Lauren M. Shepard is a second-year PhD student in the group of Dr. Ciprian N. Ionita at the University at Buffalo, Canon Stroke and Vascular Research Center. This group has been a very active participant at SPIE Medical Imaging for the last 20 years with nearly 100 presentations and posters and has received various awards for scientific achievements. She has given presentations at four international conferences, including SPIE Medical Imaging and the RSNA annual meeting.
Kelsey N. Sommer is a graduate student in the group of Dr. Ciprian N. Ionita at the University at Buffalo, Canon Stroke and Vascular Research Center. She has given presentations at four international conferences, including SPIE Medical Imaging and the RSNA annual meeting, and earned a certificate of merit at the latter.
Erin Angel is the senior manager of Clinical Collaborations at Canon Medical Systems USA, Inc. She manages research collaborations with academic and clinical institutions with a goal of clinical translation of medical imaging technologies. Her work focuses primarily on medical imaging in the areas of radiation exposure, image quality, and quantitative image analysis. She received her doctorate and master’s degrees in biomedical physics from UCLA. She is actively involved in several professional organizations.

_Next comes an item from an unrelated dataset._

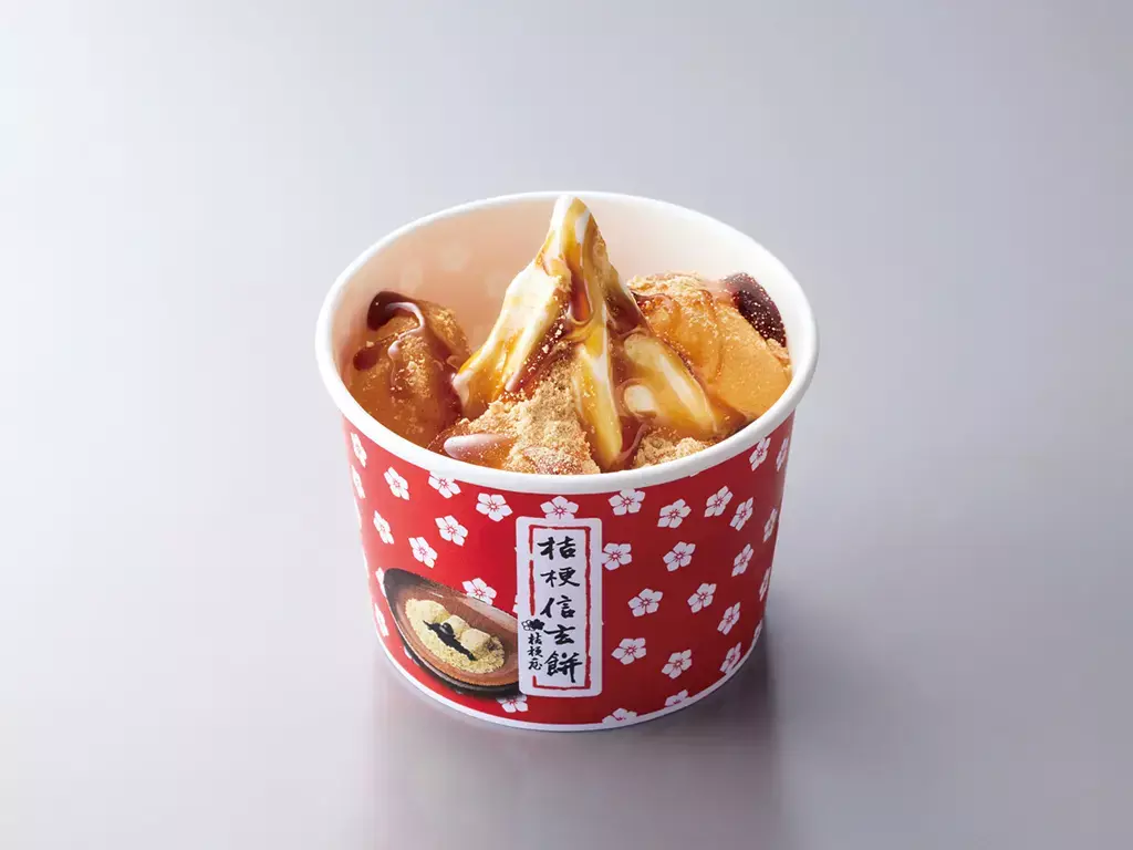 山梨県の銘菓「桔梗信玄餅」の『桔梗屋』監修の「ぐるぐるまぜてね きんぐスロッピー」です。柔らかいお餅、風味豊かなきな粉、濃厚な黒蜜で食べる新しいデザートをぜひお試しください!

Vijay Iyer is a cardiologist in Buffalo, New York, USA. He received his medical degree from the Grant Medical College at the Maharashtra University of Health Sciences and his doctorate degree from Drexel University. He is an associate professor of medicine at the University at Buffalo and the director of Structural Heart Interventions at the Gates Vascular Institute.

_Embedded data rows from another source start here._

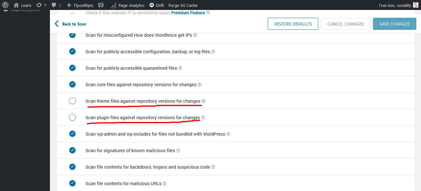 Έχει πολύ καλό Scan που δουλεύει και την αντιπαραβολή μεταξύ των αρχείων php του site σου με τα plugin στο repository και εντοπίζει οποιαδήποτε αλλαγή στο κώδικα. Έτσι εντοπίζει άμεσα οποιαδήποτε injection. Για να ενεργοποιήσετε το συγκεκριμένο feature πρέπει να το επιλέξετε στα scan options όπως φαίνεται στην εικόνα. Ενδεχομένως να θέλετε να τσεκάρετε να σκανάρει εκτός WP αρχεία στο τέλος αλλά δεν ξέρουμε πόσο χρήσιμα θα είναι τα αποτελέσματα.
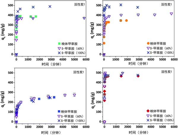 圖3:活性炭在25°C時映體,S-甲草胺(60%)和S-甲草胺(100%)吸附的演變。
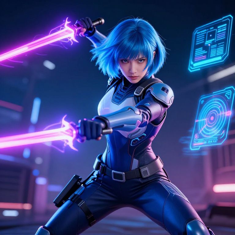 Dynamic action shot of a blue short hair girl in a futuristic battle suit, wielding energy blades, neon holograms and digital interfaces surrounding her, intense expression showing determination, cinematic science fiction style with dramatic lighting
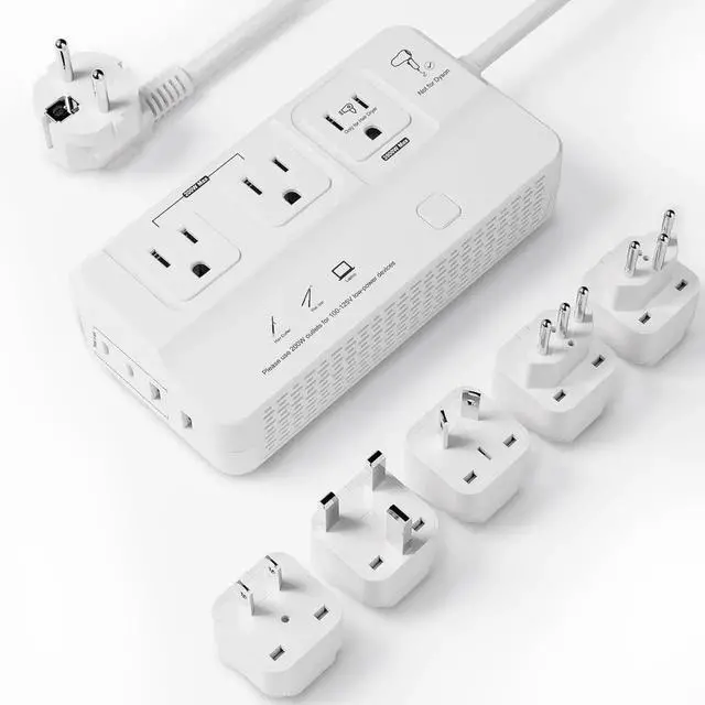 Once: Equipped with 3 AC outlets and 4 USB port (including USB-C), allowing 7 devices to charge together, one converter that does it all for phone, tts, cameras, and travel gear. Stay productive and connected whether you're on vacation or a business trip, Streamline your travel bag.

Michael F. Wilson is a cardiologist in Buffalo, New York, USA. He received his medical degree from Perelman School of Medicine at the University of Pennsylvania and has been in practice for more than 60 years. He is a professor emeritus of medicine at the University at Buffalo and the medical director of Cardiac CT and Nuclear Cardiology at Kaleida Health in Buffalo, New York, USA.
Frank J. Rybicki is a professor and chair of the Department of Radiology at the University of Ottawa and chief of medical imaging at the Ottawa Hospital. He is a chairperson for the American College of Radiology (ACR) Metrics Committee, vascular imaging specialty chair for the ACR Appropriateness Criteria, and a member of the joint American College of Cardiology (ACC)/ACR Appropriate Use Criteria Task Force Oversight Committee and ACR Radiation Dose Executive Committee.
Dimitrios Mitsouras is an associate professor in the Faculty of Medicine at the University of Ottawa. He received his doctorate degree from the Massachusetts Institute of Technology. He is a cofounder of the Applied Imaging Science Lab at Brigham and Women’s Hospital.
Sabee Molloi is a professor of radiological sciences in the School of Medicine at University of California, Irvine, USA. He received his doctorate degree from the University of Wisconsin-Madison. He is the principal investigator of the Imaging Physics Laboratory at the University of California, Irvine, USA.